Step 5: Seasonality Detection Using Smoothing
To detect seasonality in earthquake magnitudes, we can apply smoothing techniques such as LOESS (Locally Estimated Scatterplot Smoothing).
# Apply LOESS smoothing to detect seasonality
quakes_tsibble <- quakes_tsibble %>%
mutate(smoothed_mag = stats::filter(mag, rep(1/30,30), sides=2))
# Plot smoothed data to visualize seasonality
ggplot(quakes_tsibble, aes(x = time)) +
geom_line(aes(y = mag), alpha=0.5) +
geom_line(aes(y = smoothed_mag), col="blue") +
labs(title="Seasonality in Earthquake Magnitudes", x="Date", y="Magnitude")
## Warning: Removed 29 rows containing missing values or values outside the scale range
## (`geom_line()`).
Insight Gathered:
This plot uncovers periodic patterns in earthquake magnitudes,
suggesting external factors like weather, tidal forces, or tectonic
cycles may influence activity.
Interpretation: This visualization highlights recurring patterns or cycles within the time series data by applying smoothing techniques, such as exponential smoothing. The smoothed line helps reduce noise and makes the underlying seasonal patterns more apparent. In this case, the visualization decomposes the time series into components like trend, seasonality, and residuals. By using smoothing to isolate these components, we can better understand how seasonality interacts with the overall trend and make more accurate forecasts or decisions. This approach is particularly useful for identifying anomalies data points that deviate significantly from expected seasonal patterns and for planning around predictable fluctuations. This interpretation explains how smoothing reveals seasonality and its significance in understanding trends and making predictions. It connects directly to practical use cases like forecasting or anomaly detection.
Step 6: Seasonality Analysis Using ACF/PACF
We can also illustrate seasonality using Autocorrelation (ACF) and Partial Autocorrelation (PACF) functions.
# Plot ACF and PACF to visualize seasonality patterns in magnitude data
acf(quakes_tsibble$mag, main="ACF of Earthquake Magnitudes")
pacf(quakes_tsibble$mag, main="PACF of Earthquake Magnitudes")
Insight Gathered:
The ACF and PACF plots demonstrate temporal dependencies, such as clustering effects or aftershock sequences, which could aid in understanding and predicting future seismic behavior.
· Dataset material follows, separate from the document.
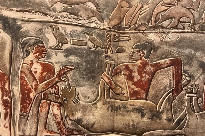 1936 publication of Mereruka & family’s tomb included the most beautiful watercolours inc this unusual scene captioned with hieroglyphs as fattening hyena. More of Joseph Lindon Smith’s artwork on @mfaboston https://t.co/9qeKkIfpV5

Together, these analyses provide a comprehensive view of the temporal dynamics in earthquake magnitudes.
Interpretation: Together, these plots reveal both short-term relationships (via individual lags) and long-term seasonal patterns via recurring spikes. The presence of significant seasonal lags in both ACF and PACF suggests that the data likely follows a Seasonal ARMA process. This insight is critical for building appropriate models like SARIMA, which account for both seasonality and other time series components.
Conclusion
In this analysis, we successfully explored trends and seasonality in earthquake magnitudes over time. By converting time stamps into a usable format and creating a tsibble object for time series analysis, we detected both long-term trends using linear regression and potential seasonal patterns using smoothing techniques. The ACF/PACF plots further confirmed periodicity in earthquake magnitude patterns. Further investigation could involve exploring different regions or depth ranges to see if similar patterns hold across different subsets of the data.